### Work instructions
In this exercise, print only the lines of the records below from the one with "난 이 시간 네 번째" through the one with "سایت جزوه دانلود", inclusive. Pictures are not part of the copy.

### Exercise data

● ● ● ●

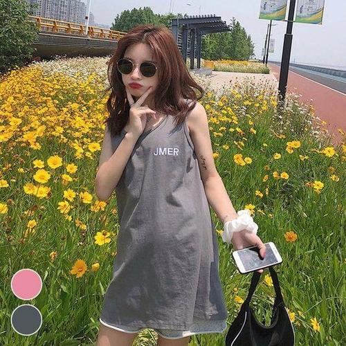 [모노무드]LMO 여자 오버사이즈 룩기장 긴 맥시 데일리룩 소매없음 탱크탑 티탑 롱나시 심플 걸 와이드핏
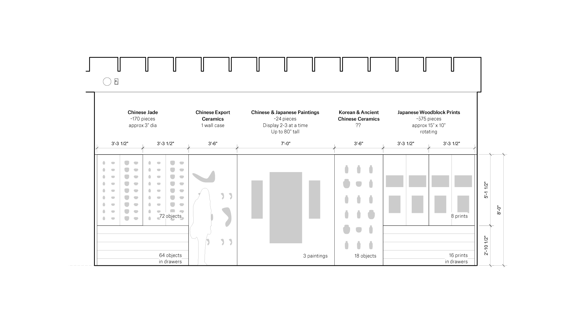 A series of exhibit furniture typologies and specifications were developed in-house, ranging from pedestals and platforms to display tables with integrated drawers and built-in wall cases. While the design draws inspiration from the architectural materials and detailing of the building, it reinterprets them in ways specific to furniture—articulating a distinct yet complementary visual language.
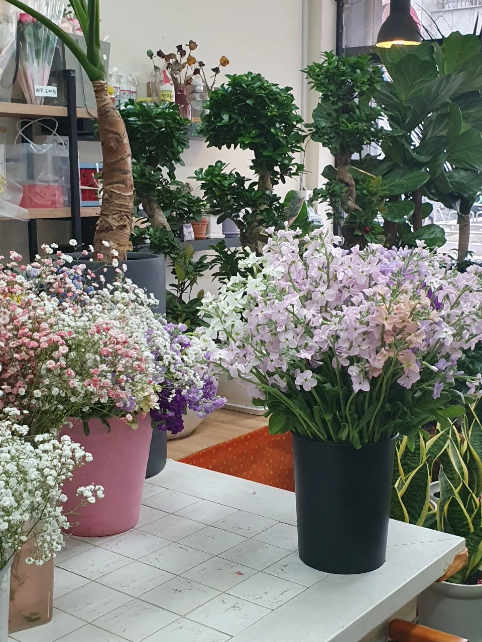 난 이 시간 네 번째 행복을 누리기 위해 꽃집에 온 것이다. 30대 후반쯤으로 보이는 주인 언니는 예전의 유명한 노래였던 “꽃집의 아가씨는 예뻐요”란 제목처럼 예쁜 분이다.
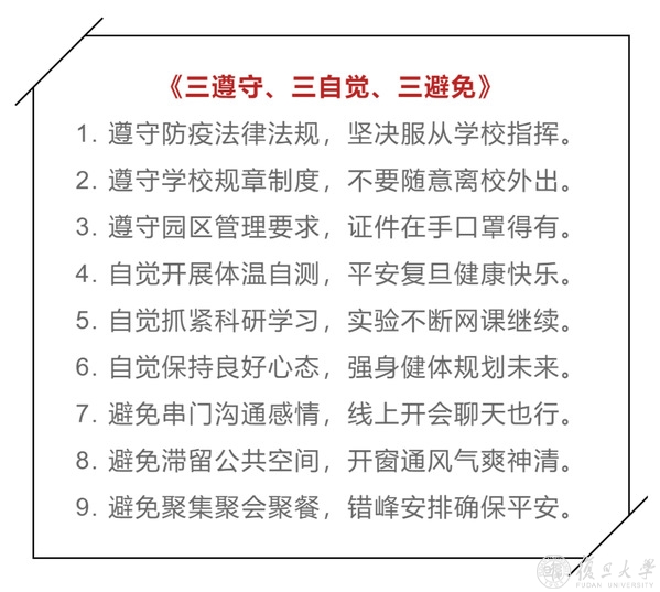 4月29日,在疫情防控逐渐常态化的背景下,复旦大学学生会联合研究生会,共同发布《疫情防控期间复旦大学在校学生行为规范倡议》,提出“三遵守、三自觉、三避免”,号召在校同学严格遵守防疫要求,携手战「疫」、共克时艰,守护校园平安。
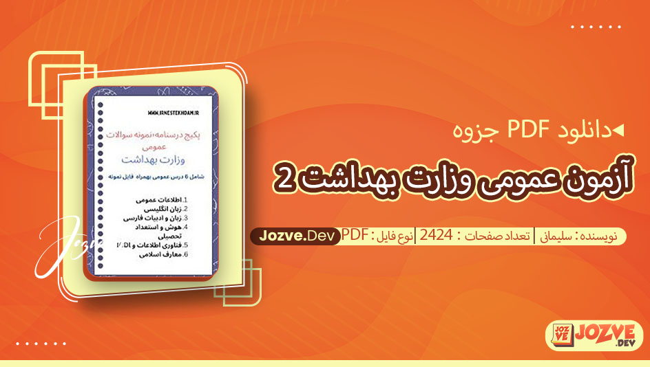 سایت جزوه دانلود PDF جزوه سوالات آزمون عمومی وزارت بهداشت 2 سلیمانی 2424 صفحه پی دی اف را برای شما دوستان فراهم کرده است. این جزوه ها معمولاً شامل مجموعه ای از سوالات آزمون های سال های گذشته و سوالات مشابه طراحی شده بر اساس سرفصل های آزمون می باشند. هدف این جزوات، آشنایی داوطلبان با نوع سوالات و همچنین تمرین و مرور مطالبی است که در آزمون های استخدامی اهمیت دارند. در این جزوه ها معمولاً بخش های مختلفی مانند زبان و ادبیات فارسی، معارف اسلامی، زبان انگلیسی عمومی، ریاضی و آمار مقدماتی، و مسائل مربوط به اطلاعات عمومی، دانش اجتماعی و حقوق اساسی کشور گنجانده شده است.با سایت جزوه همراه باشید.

● ● ● ●

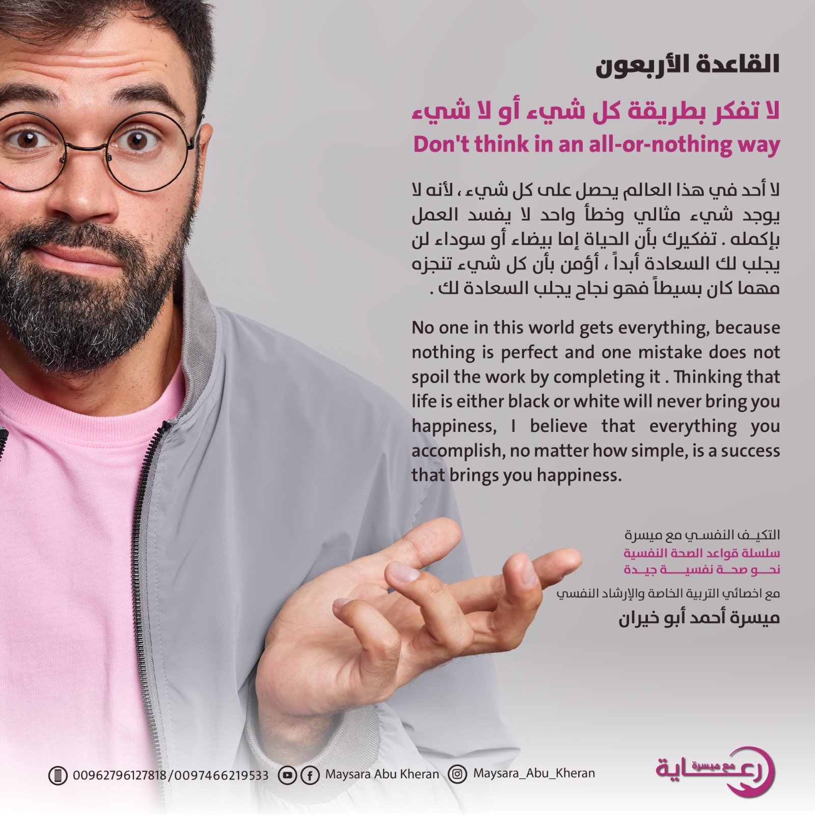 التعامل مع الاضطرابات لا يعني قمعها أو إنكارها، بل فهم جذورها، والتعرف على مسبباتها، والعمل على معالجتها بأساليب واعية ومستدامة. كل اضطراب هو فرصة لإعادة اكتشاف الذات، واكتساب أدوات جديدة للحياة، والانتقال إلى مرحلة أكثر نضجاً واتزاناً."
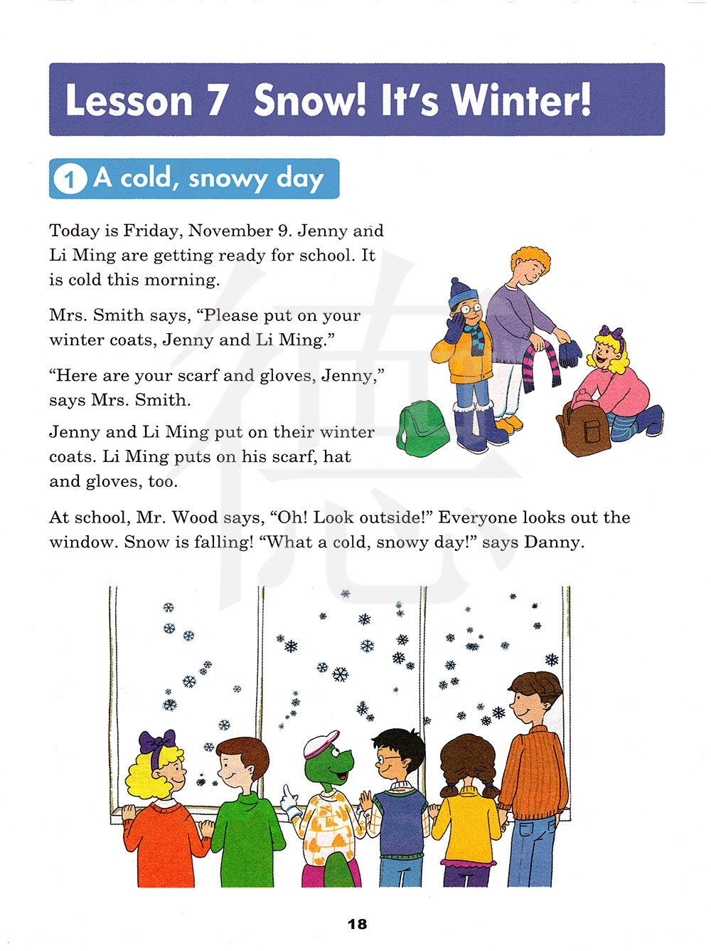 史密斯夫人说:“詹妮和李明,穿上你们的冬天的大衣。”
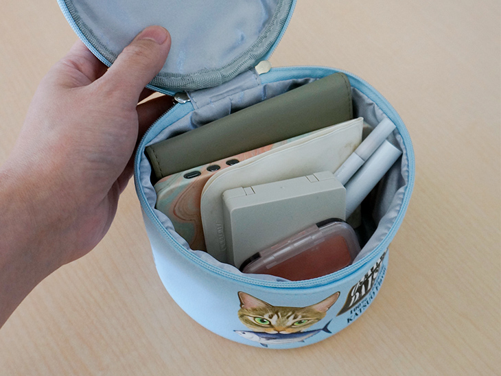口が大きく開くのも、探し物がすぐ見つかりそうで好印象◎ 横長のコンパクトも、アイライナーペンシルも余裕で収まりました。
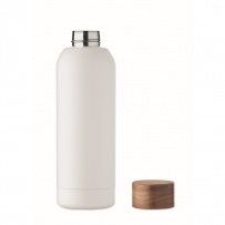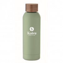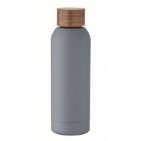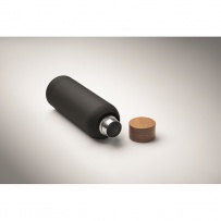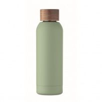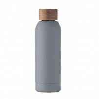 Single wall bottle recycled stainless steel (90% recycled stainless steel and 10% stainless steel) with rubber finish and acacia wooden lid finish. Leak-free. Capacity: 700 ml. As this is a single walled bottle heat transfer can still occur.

● ● ● ●

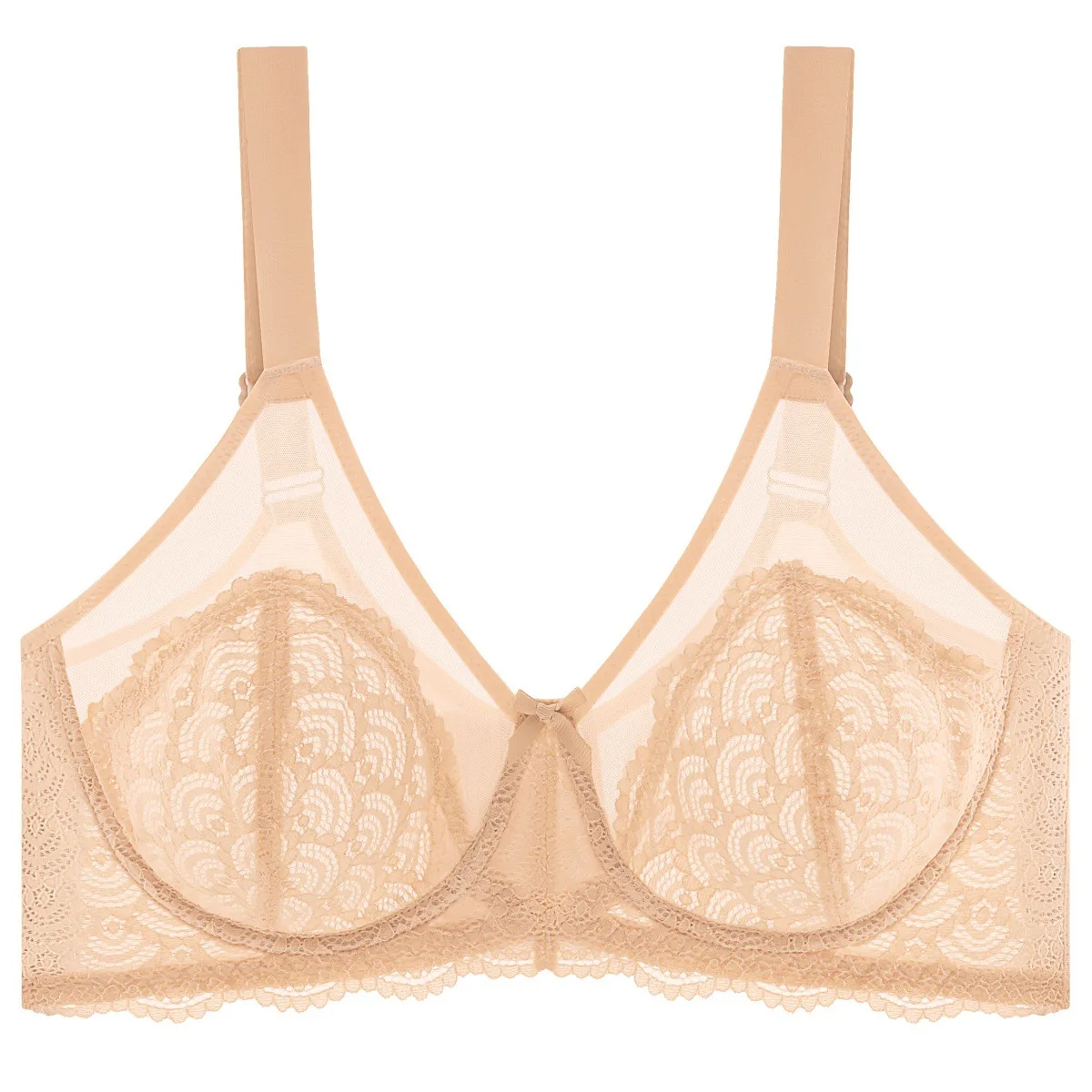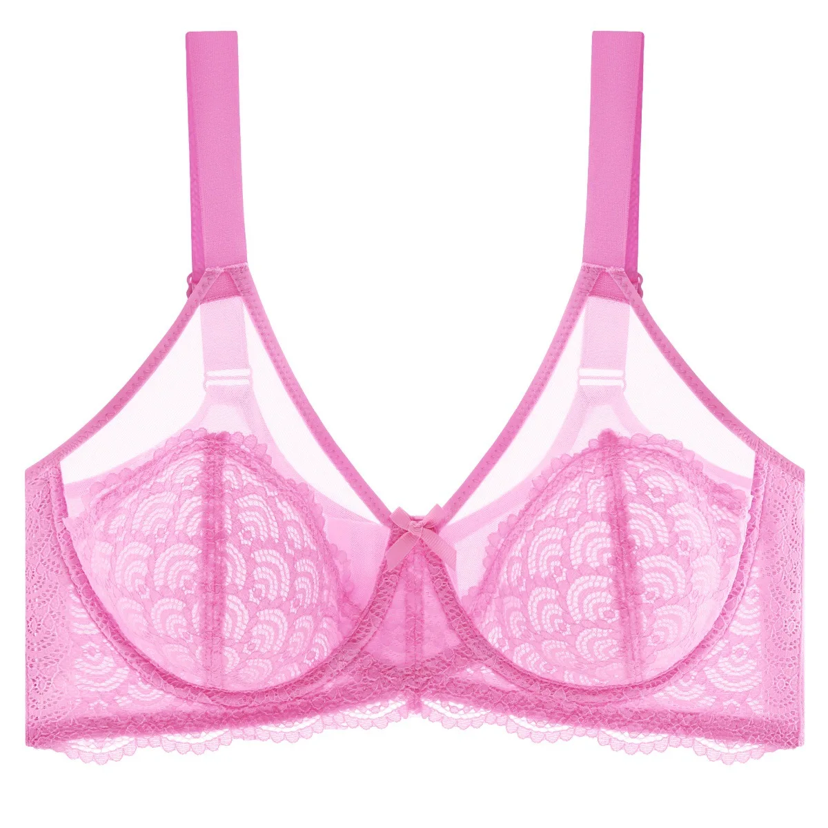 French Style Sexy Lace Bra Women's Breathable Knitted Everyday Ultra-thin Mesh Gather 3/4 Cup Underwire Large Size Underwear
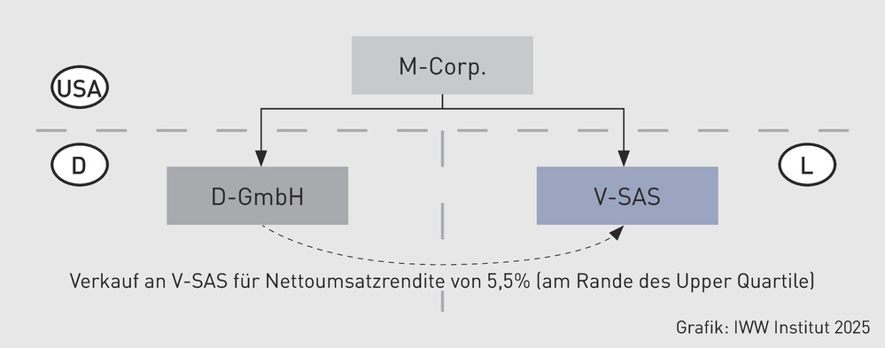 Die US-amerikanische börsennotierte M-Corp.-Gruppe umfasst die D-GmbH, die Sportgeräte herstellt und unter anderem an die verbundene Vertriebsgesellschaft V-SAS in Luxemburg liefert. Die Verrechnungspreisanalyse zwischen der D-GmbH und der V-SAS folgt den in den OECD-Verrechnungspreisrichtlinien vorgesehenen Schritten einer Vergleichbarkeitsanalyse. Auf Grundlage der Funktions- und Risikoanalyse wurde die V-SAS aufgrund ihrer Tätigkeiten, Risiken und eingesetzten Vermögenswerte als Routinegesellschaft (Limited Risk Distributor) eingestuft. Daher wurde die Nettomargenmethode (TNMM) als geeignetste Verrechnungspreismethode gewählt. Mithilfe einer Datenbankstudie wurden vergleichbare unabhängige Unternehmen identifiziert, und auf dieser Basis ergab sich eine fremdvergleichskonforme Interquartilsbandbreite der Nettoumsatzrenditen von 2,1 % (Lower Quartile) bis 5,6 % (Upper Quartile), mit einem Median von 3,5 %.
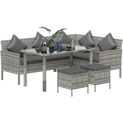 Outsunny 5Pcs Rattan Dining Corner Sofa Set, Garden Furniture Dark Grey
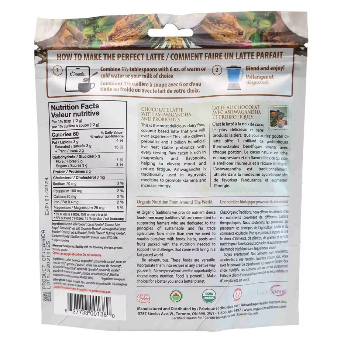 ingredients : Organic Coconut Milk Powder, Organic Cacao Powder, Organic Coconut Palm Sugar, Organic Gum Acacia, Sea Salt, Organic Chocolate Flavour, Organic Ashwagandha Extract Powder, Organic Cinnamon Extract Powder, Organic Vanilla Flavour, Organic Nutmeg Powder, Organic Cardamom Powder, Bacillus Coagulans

● ● ● ●

### Solution to the exercise
 난 이 시간 네 번째 행복을 누리기 위해 꽃집에 온 것이다. 30대 후반쯤으로 보이는 주인 언니는 예전의 유명한 노래였던 “꽃집의 아가씨는 예뻐요”란 제목처럼 예쁜 분이다.
 4月29日,在疫情防控逐渐常态化的背景下,复旦大学学生会联合研究生会,共同发布《疫情防控期间复旦大学在校学生行为规范倡议》,提出“三遵守、三自觉、三避免”,号召在校同学严格遵守防疫要求,携手战「疫」、共克时艰,守护校园平安。
 سایت جزوه دانلود PDF جزوه سوالات آزمون عمومی وزارت بهداشت 2 سلیمانی 2424 صفحه پی دی اف را برای شما دوستان فراهم کرده است. این جزوه ها معمولاً شامل مجموعه ای از سوالات آزمون های سال های گذشته و سوالات مشابه طراحی شده بر اساس سرفصل های آزمون می باشند. هدف این جزوات، آشنایی داوطلبان با نوع سوالات و همچنین تمرین و مرور مطالبی است که در آزمون های استخدامی اهمیت دارند. در این جزوه ها معمولاً بخش های مختلفی مانند زبان و ادبیات فارسی، معارف اسلامی، زبان انگلیسی عمومی، ریاضی و آمار مقدماتی، و مسائل مربوط به اطلاعات عمومی، دانش اجتماعی و حقوق اساسی کشور گنجانده شده است.با سایت جزوه همراه باشید.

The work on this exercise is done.